Research output: Contribution to journalArticlepeer-review


The objective of this study was to characterize the effects of intramuscular botulinum toxin (BT) injections on the electromechanical delay (EMD) in spastic human biceps muscles. The EMD is calculated as the time lag between the muscle activation onset, as recorded from the surface electromyogram (sEMG), and the onset of recorded force. In a cohort of chronic stroke survivors, we compared the computed EMD derived from the spastic (injected) biceps brachii with that from the contralateral muscle. Eight participants were tested before and up to 3 months after a BT injection. At each session, participants followed an isometric trapezoidal force trajectory at 50 and 30%, respectively, of the tested maximum voluntary contraction (MVC). Joint force and sEMG signals were recorded as well. The number of zero crossings (ZC) of the sEMG during the steady-state portion of the task was also computed. The EMD post-BT was found to increase by 64 ± 10% (at 50% MVC) and 93 ± 18% (at 30% MVC) when compared to pre-BT values, while the number of sEMG-ZC, the mean MVC values, and the force-EMD slope exhibited striking reductions. These parameters, calculated on the contralateral side, remained relatively constant across sessions, with the EMD significantly lower and the MVC values much higher.
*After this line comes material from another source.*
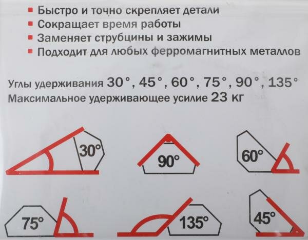 Магнитный угольник для сварки тундра, 45,90,135°, усилие на отрыв 11 кг
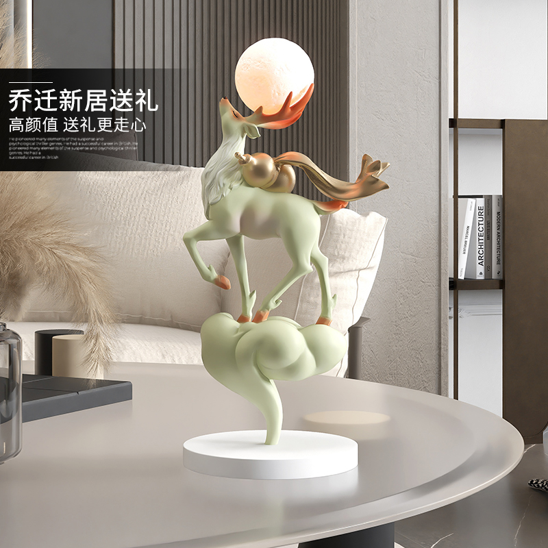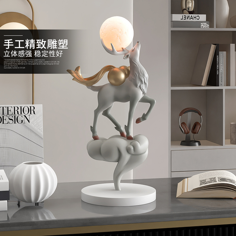 新中式麋鹿摆件家居饰品s客厅玄关酒柜床头小夜灯桌面装饰乔迁礼

We discuss potential contributing factors to an increase in EMD values on the affected side, both pre- and post-BT. The observed co-variation across sessions of the increased EMD values with the decreased ZC estimates, a surrogate of motor outflow, and, potentially, more compliant muscle fascicles suggests that the altered motor unit (MU) behavior contributes, at least in part, to the delayed force production.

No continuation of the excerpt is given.